= DATASET EXTRACT =
((

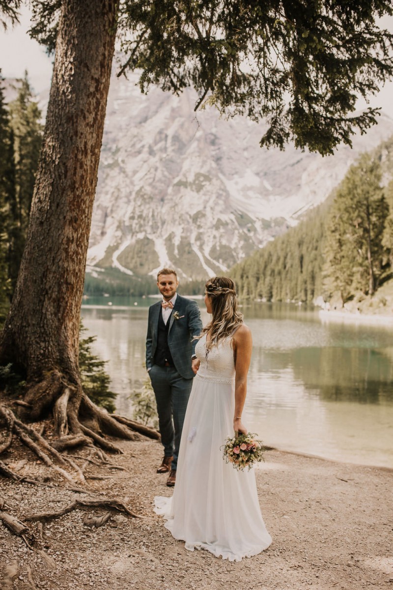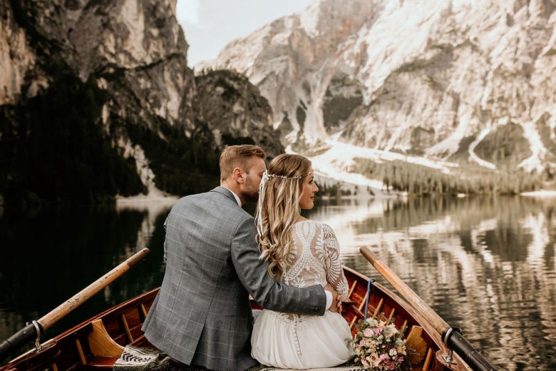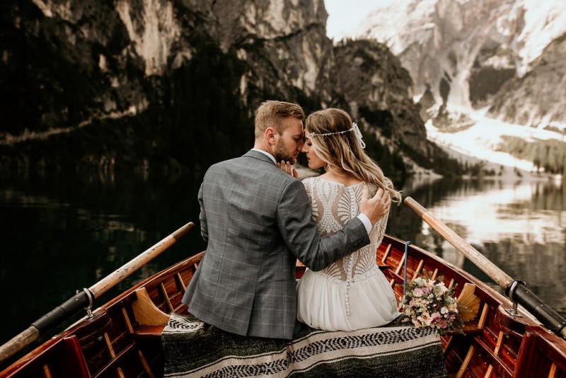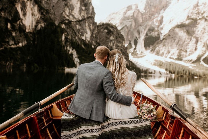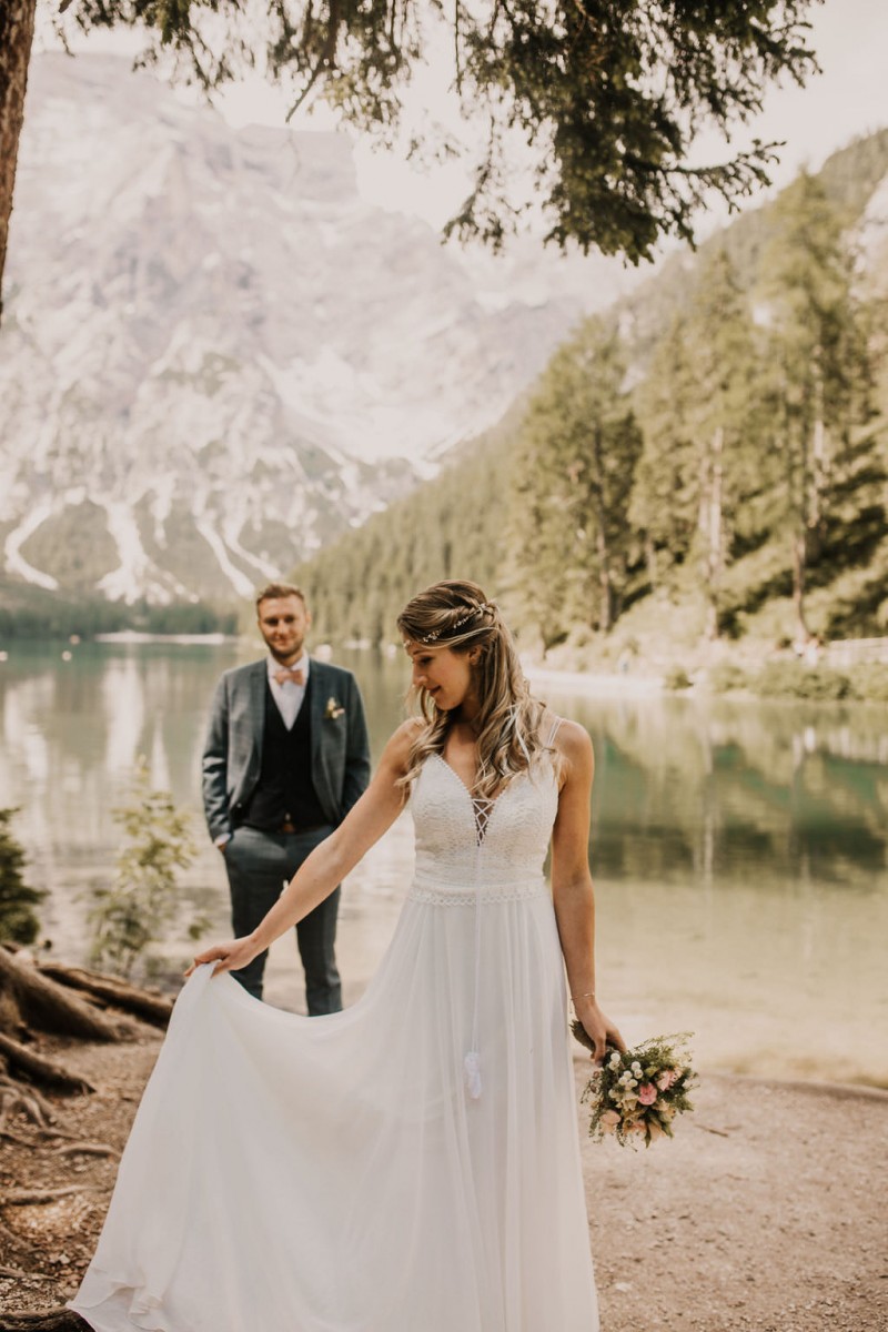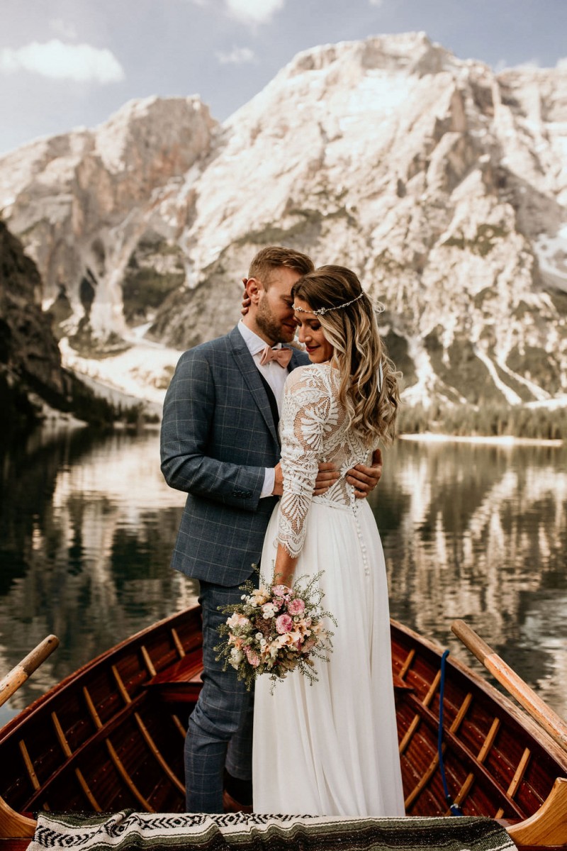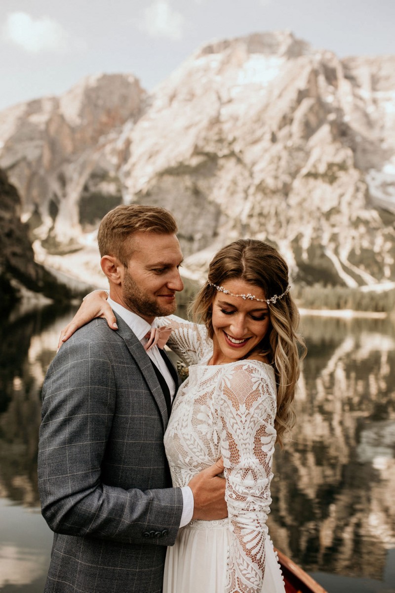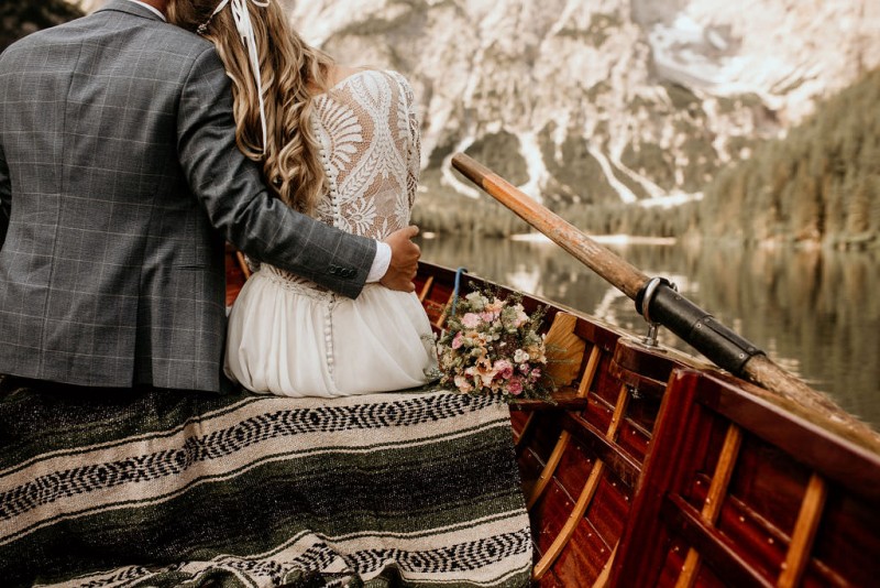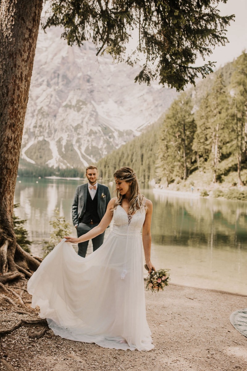 Das Titelbild verrät wohl schon, dass diese Inspiration magisch ist. Ein Styled Shoot am Pragser Wildsee im Bohostil erwartet euch in diesem Artikel. Zunächst zu diesem einmaligen Fleckchen in Italien. Eine von vielen mystischen Legenden besagt, dass diese imposanten Berge rund um den Pragser See einst von Wilden bewohnt wurden. Dort fertigten sie wunderschöne Bergkristalle. Um sich vor der Gier der Menschen zu schützen zogen sie sich zurück und öffneten die unterirdischen Quellen, um das Tal fluten. So entstand angeblich dieser glasklare See, der die Schätze dieser wilden verschlang. Ein wirklich sagenhafter Ort, an dieses Shooting stattfand. Perfekt für ein verliebtes Paar oder? Franzi und Eugen, das zuckersüße Brautpaar, standen selbst erst vor wenigen Wochen vor dem Altar. Da sie die Popularität dieser Location besorgte, fand ihre Hochzeit hier nicht statt. Grund genug, hier noch einmal ins Brautkleid und den Hochzeitsanzug zu schlüpfen! Eine weitere Besonderheit ist, dass diese Inspiration von zwei Hochzeitsfotografinnen fotografiert wurde. Laura Mack Fotografie & Lichterfunkeln Fotografiehaben dieses Styled Shoot gemeinsam geplant und fotografiert. Natürlich erwarten euch in diesem Artikel Fotos von ihnen beiden. Die Aufnahmen sind einfach magisch! Für das Brautpaar begann dieser sonnige Tag im Hotel, wo sie sich in der Früh fertig machten. Nach dem Styling von Hair and Makeup Artist Ulrike Thomaseth schlüpfte Franzi in ihr fließendes Brautkleid, mit zarten Spitzendetails, von Adriane Böhm Brautmoden. Es passt perfekt zu ihrem leichten Styling und dem leicht glitzernden Headpiece. Dazu schmückte sie ein Brautstrauß, in Rosétönen, von der Blumenwerkstatt Merching. Nach dem Getting Ready ging es für sie und ihren Eugen auf den Bootssteg, von wo aus sie eine romantische Bootsfahrt unternahmen. Nur sie beide. Sie waren ganz allein auf dem großen Pragser Wildsee und schauten sich den Sonnenaufgang an. Als wäre das nicht schon ein einmaliges Erlebnis, ging es für die beiden danach an Land, wo sie am Waldrand ein wunderschön dekoriertes Picknick, mit Blick auf den See, genossen. Die feine Hochzeitspapeterie von Schwesternwerk und die tolle Hochzeitstorte von Mondschein Dessertbar, machten dieses Picknick für die beiden ein fach perfekt. Und wir dürfen jetzt exklusiv über ihre Schultern schauen und diesen besonderen Tag miterleben. Ganz viel Freude euch mit dieser fantastischen Hochzeitsinspiration aus Italien!
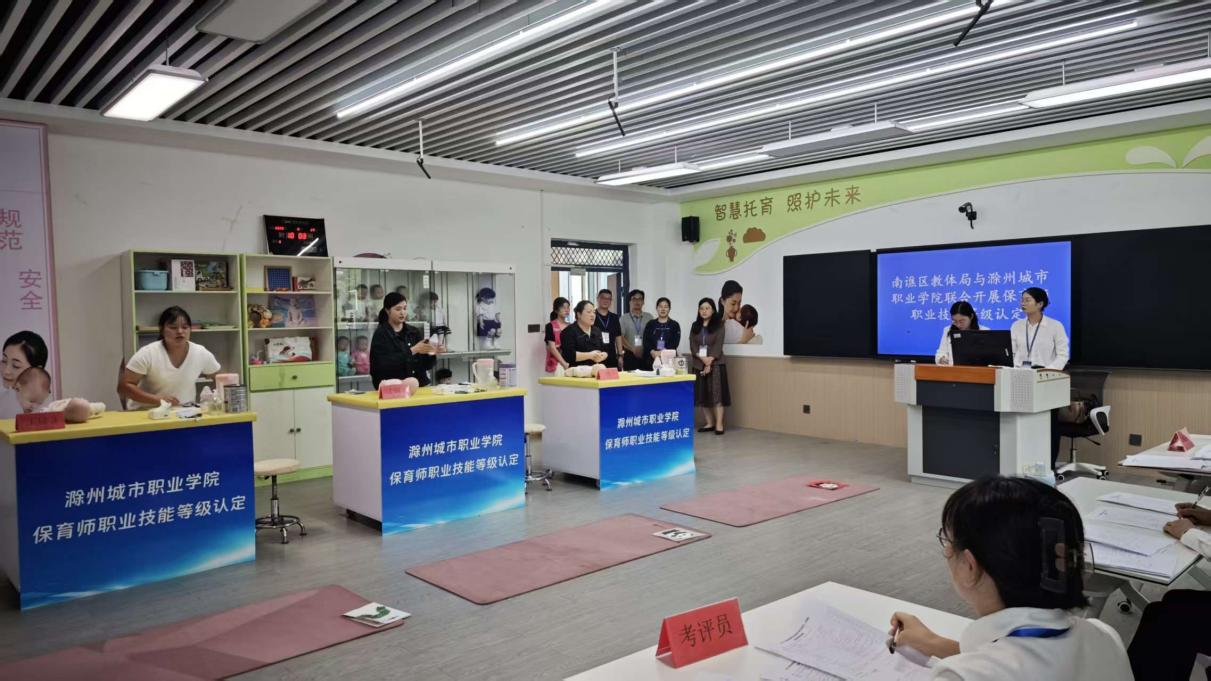 为加强滁州市南谯区职业技能人才培养,筑牢保育师领域人才根基,9月27日,我校与南谯区教体局联合开展保育师职业技能等级认定工作。校党委委员、副校长孙静,滁州市人社局职鉴中心主任姜梦莲到场巡考,继续教育学院院长许梅、副院长孟红军、教育学院副院长刘明辉陪同参加。
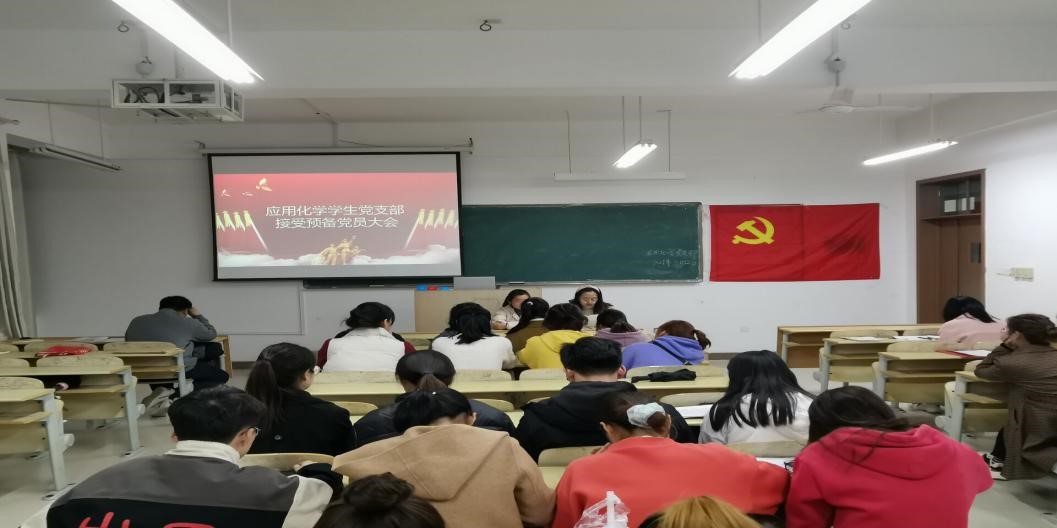 2021年3月22日,应用化学党支部在逸夫楼B311召开接受预备党员大会。应用化学党支部全体人员参加了此次会议,会议由党支部书记李颖主持。
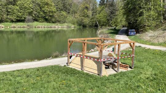 Der Pavillon am Paulinensee ist fast Geschichte: Der Tennisclub Mönsheim hat nun damit begonnen, die überdachte
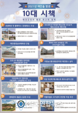 군은 10대 시책 외에도 올해 △어촌뉴딜300 사업 추진 △동학농민혁명기념관 건립 △태안군UV랜드 조성 △영목항 국가어항 개발 △두야-정죽(국지도96호) 4차로 확포장공사 확정 등 각 분야에서 많은 성과가 있었다며, 내년에도 지역 발전을 이끌어갈 다양한 사업 발굴 및 추진에 힘쓰겠다는 각오를 밝혔다.
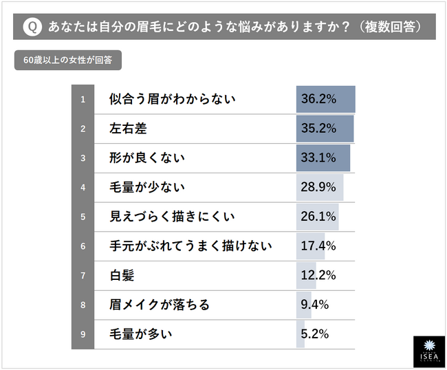 4.【シニア・ハイシニア女性の眉毛の悩みトップ3】1.似合う眉がわからない 2.左右差 3.形が良くない
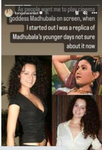 କଙ୍ଗନା ମୋଗଲ-ଏ-ଆଜମ ଆକ୍ଟ୍ରେସଙ୍କ ସହ ତାଙ୍କ ଫଟୋ କୋଲାଜ କରି ଶେୟାର କରିଛନ୍ତି ଆଉ ଲେଖିଛନ୍ତି, ଯେମିତି ଦର୍ଶକେ କହୁଛନ୍ତି ଯେ ମୁଁ ବଡ ପରଦାରେ ମଧୁବାଲାଙ୍କ ଚରିତ୍ରରେ କାମ କରେ, ଯେତେବେଳେ ମୁଁ ମୋ କ୍ୟାରିୟର ଆରମ୍ଭ କରିଥିଲି ସେତେବେଳେ ମୁଁ ମଧୁବାଲାଙ୍କ ଯବାନି ଦିନର କପି ଲାଗୁଥିଲି, ହେଲେ ଏବେ ଏହା ମୋତେ ଜଣାନାହିଁ ।
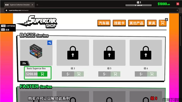 2、点击TAB键打开平板电脑,点进批发商购买Basic Supercar Box。
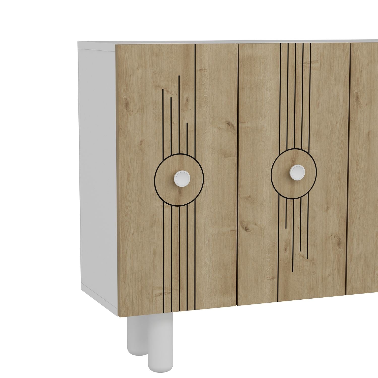 Transforme seu espaço de vida com nosso deslumbrante console, feito de 100% de aglomerado revestido de melamina para durabilidade e estilo. O design elegante e a combinação moderna de cores em branco e carvalho safira elevarão instantaneamente qualquer ambiente da sua casa.
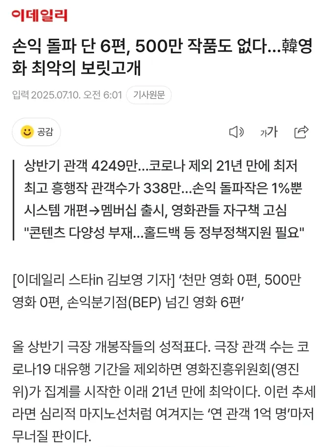 올해 상반기도 지났는데 아직까지 이름 들어볼법한 한국영화는 없네
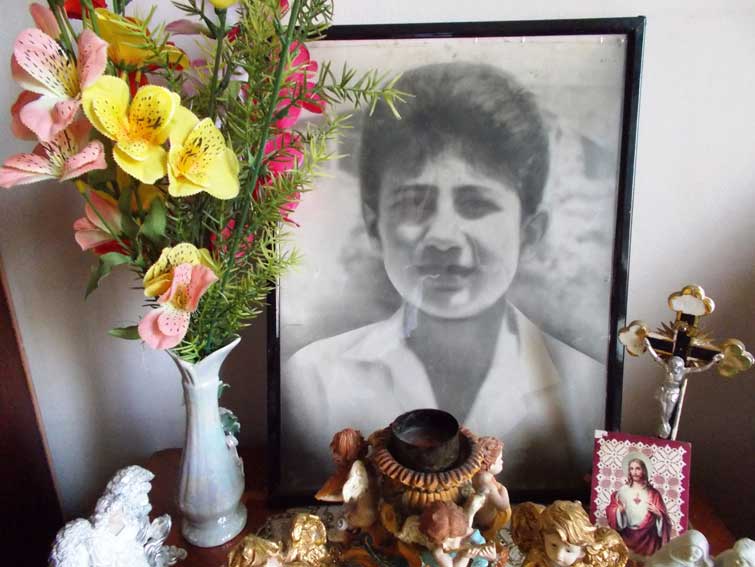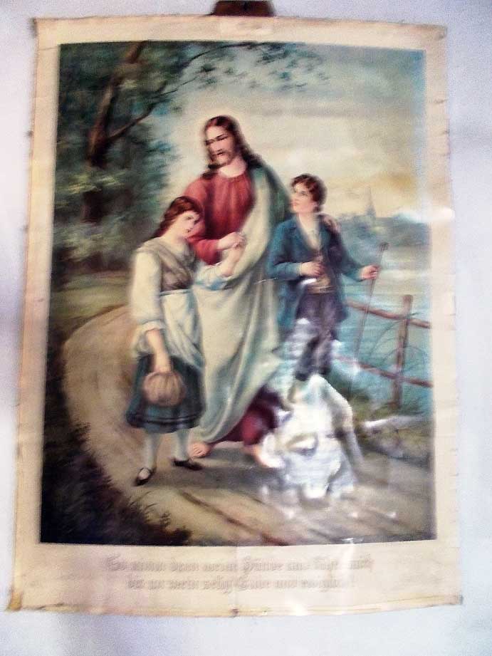 "eider ist das Foto recht unscharf. Der Text: "So nimm denn meine Hände und führe mich bis an mein seligs Ende und ewiglich." Der armenische Junge hat es in Ribnitz-Damgarten vom Sperrmüllhaufen mitgenommen ins Asylheim und später in den drei Stunden, die blieben nach Bekanntgabe der Abschiebung, eingepackt. (Seine Worte: "Ich als Armenier und Christ kann sowas nicht liegen lassen.") Nun hängt es in seinem Heimatdorf Landjazat bei Jerewan - im gleichen Zimmer mit der Gedenkecke für seinen großen Bruder Wartan, der 1994 dreizehnjährig beim Fund einer Mine ums Leben kam."

))

= TASK BRIEF =
Restate the whole listing above exactly, please, omitting every image.

= RESULT OF THIS EXERCISE =
 Das Titelbild verrät wohl schon, dass diese Inspiration magisch ist. Ein Styled Shoot am Pragser Wildsee im Bohostil erwartet euch in diesem Artikel. Zunächst zu diesem einmaligen Fleckchen in Italien. Eine von vielen mystischen Legenden besagt, dass diese imposanten Berge rund um den Pragser See einst von Wilden bewohnt wurden. Dort fertigten sie wunderschöne Bergkristalle. Um sich vor der Gier der Menschen zu schützen zogen sie sich zurück und öffneten die unterirdischen Quellen, um das Tal fluten. So entstand angeblich dieser glasklare See, der die Schätze dieser wilden verschlang. Ein wirklich sagenhafter Ort, an dieses Shooting stattfand. Perfekt für ein verliebtes Paar oder? Franzi und Eugen, das zuckersüße Brautpaar, standen selbst erst vor wenigen Wochen vor dem Altar. Da sie die Popularität dieser Location besorgte, fand ihre Hochzeit hier nicht statt. Grund genug, hier noch einmal ins Brautkleid und den Hochzeitsanzug zu schlüpfen! Eine weitere Besonderheit ist, dass diese Inspiration von zwei Hochzeitsfotografinnen fotografiert wurde. Laura Mack Fotografie & Lichterfunkeln Fotografiehaben dieses Styled Shoot gemeinsam geplant und fotografiert. Natürlich erwarten euch in diesem Artikel Fotos von ihnen beiden. Die Aufnahmen sind einfach magisch! Für das Brautpaar begann dieser sonnige Tag im Hotel, wo sie sich in der Früh fertig machten. Nach dem Styling von Hair and Makeup Artist Ulrike Thomaseth schlüpfte Franzi in ihr fließendes Brautkleid, mit zarten Spitzendetails, von Adriane Böhm Brautmoden. Es passt perfekt zu ihrem leichten Styling und dem leicht glitzernden Headpiece. Dazu schmückte sie ein Brautstrauß, in Rosétönen, von der Blumenwerkstatt Merching. Nach dem Getting Ready ging es für sie und ihren Eugen auf den Bootssteg, von wo aus sie eine romantische Bootsfahrt unternahmen. Nur sie beide. Sie waren ganz allein auf dem großen Pragser Wildsee und schauten sich den Sonnenaufgang an. Als wäre das nicht schon ein einmaliges Erlebnis, ging es für die beiden danach an Land, wo sie am Waldrand ein wunderschön dekoriertes Picknick, mit Blick auf den See, genossen. Die feine Hochzeitspapeterie von Schwesternwerk und die tolle Hochzeitstorte von Mondschein Dessertbar, machten dieses Picknick für die beiden ein fach perfekt. Und wir dürfen jetzt exklusiv über ihre Schultern schauen und diesen besonderen Tag miterleben. Ganz viel Freude euch mit dieser fantastischen Hochzeitsinspiration aus Italien!
 为加强滁州市南谯区职业技能人才培养,筑牢保育师领域人才根基,9月27日,我校与南谯区教体局联合开展保育师职业技能等级认定工作。校党委委员、副校长孙静,滁州市人社局职鉴中心主任姜梦莲到场巡考,继续教育学院院长许梅、副院长孟红军、教育学院副院长刘明辉陪同参加。
 2021年3月22日,应用化学党支部在逸夫楼B311召开接受预备党员大会。应用化学党支部全体人员参加了此次会议,会议由党支部书记李颖主持。
 Der Pavillon am Paulinensee ist fast Geschichte: Der Tennisclub Mönsheim hat nun damit begonnen, die überdachte
 군은 10대 시책 외에도 올해 △어촌뉴딜300 사업 추진 △동학농민혁명기념관 건립 △태안군UV랜드 조성 △영목항 국가어항 개발 △두야-정죽(국지도96호) 4차로 확포장공사 확정 등 각 분야에서 많은 성과가 있었다며, 내년에도 지역 발전을 이끌어갈 다양한 사업 발굴 및 추진에 힘쓰겠다는 각오를 밝혔다.
 4.【シニア・ハイシニア女性の眉毛の悩みトップ3】1.似合う眉がわからない 2.左右差 3.形が良くない
 କଙ୍ଗନା ମୋଗଲ-ଏ-ଆଜମ ଆକ୍ଟ୍ରେସଙ୍କ ସହ ତାଙ୍କ ଫଟୋ କୋଲାଜ କରି ଶେୟାର କରିଛନ୍ତି ଆଉ ଲେଖିଛନ୍ତି, ଯେମିତି ଦର୍ଶକେ କହୁଛନ୍ତି ଯେ ମୁଁ ବଡ ପରଦାରେ ମଧୁବାଲାଙ୍କ ଚରିତ୍ରରେ କାମ କରେ, ଯେତେବେଳେ ମୁଁ ମୋ କ୍ୟାରିୟର ଆରମ୍ଭ କରିଥିଲି ସେତେବେଳେ ମୁଁ ମଧୁବାଲାଙ୍କ ଯବାନି ଦିନର କପି ଲାଗୁଥିଲି, ହେଲେ ଏବେ ଏହା ମୋତେ ଜଣାନାହିଁ ।
 2、点击TAB键打开平板电脑,点进批发商购买Basic Supercar Box。
 Transforme seu espaço de vida com nosso deslumbrante console, feito de 100% de aglomerado revestido de melamina para durabilidade e estilo. O design elegante e a combinação moderna de cores em branco e carvalho safira elevarão instantaneamente qualquer ambiente da sua casa.
 올해 상반기도 지났는데 아직까지 이름 들어볼법한 한국영화는 없네
 "eider ist das Foto recht unscharf. Der Text: "So nimm denn meine Hände und führe mich bis an mein seligs Ende und ewiglich." Der armenische Junge hat es in Ribnitz-Damgarten vom Sperrmüllhaufen mitgenommen ins Asylheim und später in den drei Stunden, die blieben nach Bekanntgabe der Abschiebung, eingepackt. (Seine Worte: "Ich als Armenier und Christ kann sowas nicht liegen lassen.") Nun hängt es in seinem Heimatdorf Landjazat bei Jerewan - im gleichen Zimmer mit der Gedenkecke für seinen großen Bruder Wartan, der 1994 dreizehnjährig beim Fund einer Mine ums Leben kam."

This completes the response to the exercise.